Светлый фон

— Племянник иногда просто слово, — хмыкнул Домино. — Вы все мне куда дороже. Так что надо сматываться, пока Хас не привёл сюда своего сюзерена. А он приведёт — в этом я не сомневаюсь.

— Мы наскоро тут перемотали, — отрапортовала Сати, вставая. — До города хватит, а там в больницу. Можно идти.

— Тогда идём, — Домино дождался, пока Киллиан поставил Цезаря на ноги и подставил ему плечо, и заторопился к башне. По угрюмому лицу Цезаря Адамас понял, что пока извиняться перед ним за ранение без толку, так что молча, подхватив с земли рюкзак Сати, пошёл вместе с ней в конце их цепочки, оглядываясь и вслушиваясь в звуки промышленного района до самого тайного входа под водонапорной башней.

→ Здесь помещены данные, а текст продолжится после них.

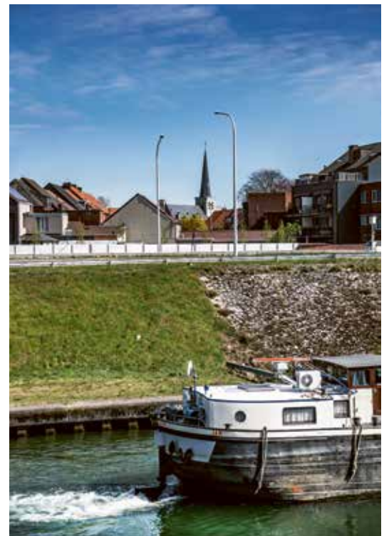
De Sint-Waldetrudiskerk in Herentals

In Engeland liet Cromwell cynisch de beenderen van de heilige Thomas Beckett opgraven in de abdij van Canterbury en opbergen in de kelder van zijn privéwoning; een heilige die ooit een koning had uitgedaagd, dat kon niet! Relieken en beelden van andere heiligen volgden gestaag, waaronder die van de heiligen Crispinus en Crispinianus, vereerd in Faversham Abbey. Cromwell liet de kloosters en abdijen van Engeland sluiten en stortte de opbrengsten grotendeels in de schatkist van Hendrik VIII. Het rad der fortuin draaide voort en de almachtige gerant Cromwell stierf zelf als verrader op het schavot in 1540, een kwarteeuw voordat in onze gewesten de Beeldenstorm woedde. Cromwell zou de Beeldenstorm, de vernietiging van religieuze kunst, volmondig hebben toegejuicht. Het retabel van Crispinus en Crispinianus in Herentals overleefde deze uitbarsting van iconoclasme. Weer een kwarteeuw later schreef William Shakespeare de monoloog van de Engelse vorst Henry V voor de slag van Agincourt in 1425: And Crispin Crispian shall ne'er go by, /From this day to the ending of the world, /But we in it shall be rememberèd /We few, we happy few, we band of brothers... De slag werd uitgevochten op 25 oktober, de feestdag van de beide heiligen, en de Engelsen wonnen. St Crispin's day bleef dankzij Shakespeare spreekwoordelijk in het Angelsaksische taalgebied.
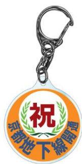
京阪電車オリジナルキーホルダー（イメージ）
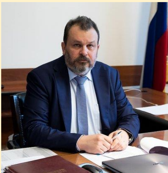
И.о. ректора Дипломатической академии МИД России, кандидат юридических наук
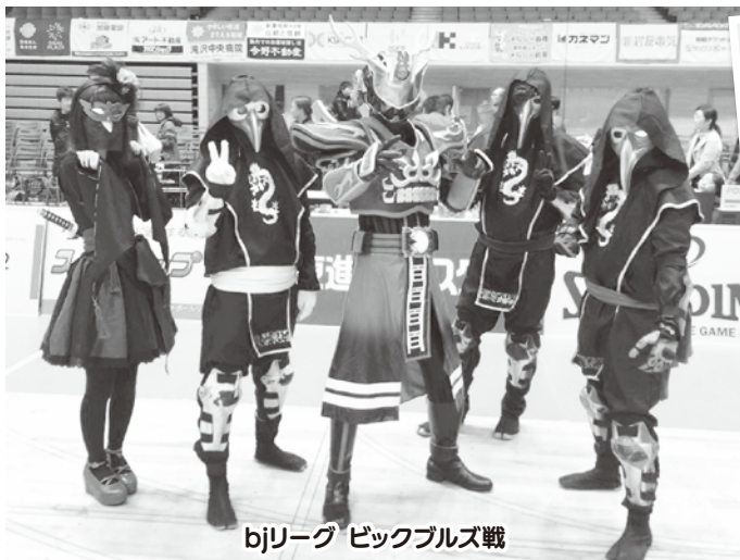
bjリーグ ビックブルズ戦

平成27年1月に誕生した「郷炎神ハクシカイザー」。昨年は江刺区内をはじめ、市内外のイベントでも大活躍。「ビックブルズ戦」や「鉄人ガンライザーNEO2」にも出演いたしました!!

Но вроде преследования не было. Отсекая в душе всё связанное с Хасом, Адамас последним забрался в неширокий лаз и закрыл за собой вход.

* * *

На третий день блокады проблемы в Семере-2 начались не только с медикаментами, но и с провизией, и пришедшие вместе с остатками союзных войск Посланники были одними из первых, кто добровольно урезал собственную пайку в пользу многочисленных раненых и изъявил намерение ценой собственного здоровья помогать им и остальному населению города, пока хватит сил. Беккер, получивший нетяжёлое ранение в последнем сражении, уже на подступах к закрытому городу, ушёл подручным на кухню и возвращался оттуда, лишь когда главный повар начинал грозить ему самой большой кастрюлей. Сати и Лихослав помогали в больнице — раненых, пострадавших в боях и при обрушении южной стены в результате артобстрела, было так много, что главное здание не смогло разместить их и приросло временными бараками по всем соседним улицам, в том числе остро нуждаясь в санитарах и просто людях, хоть немного разбирающихся в медицине. Петер, дошедший до Семере-2 вместе с Беккером с самой Гадюки, был поставлен охранником на один из главных складов на территории водоочистительной станции, а Эжен, как единственный из них имеющий опыт руководства, заменил отлёживающихся в госпитале двух верховных командующих и день и ночь служил связующим звеном между советом города во главе с Рэймондом Паннуи и высшим офицерским составом укрываемых им союзных войск.

По мнению Лихослава, Эжен загонял себя больше всех — очевидно, повышенное чувство ответственности наложилось на вечное стремление к совершенству, и, если бы не назойливый Лихослав, он наверняка так ни разу и не пошёл бы спать. Сработала эта назойливость, правда, лишь дважды — потом количество работы в больнице стало расти по экспоненте, и сильвис сам потерял счёт времени и собственным силам. Очнувшись на рассвете четвёртого дня примерно посередине автоматически выполнявшегося цикла перемещения между несколькими бараками и зданием больницы, прерванного вдруг оказавшимся под ногой ящиком, Лихослав впервые за сутки поднял голову к светло-оранжевому небу и внезапно осознал, что, когда он был у Эжена в последний раз, небо было примерно таким же. А значит, его друг шатается белой тенью от старейшин к офицерским временным квартирам больше двадцати двух часов без малейшего намёка на отдых и срочно нуждается в спасении. Как был, в халате санитара поверх военной формы и с сумкой через плечо, где хранилось всё для первой помощи, Лихослав поторопился к станции — сердцу Семере-2.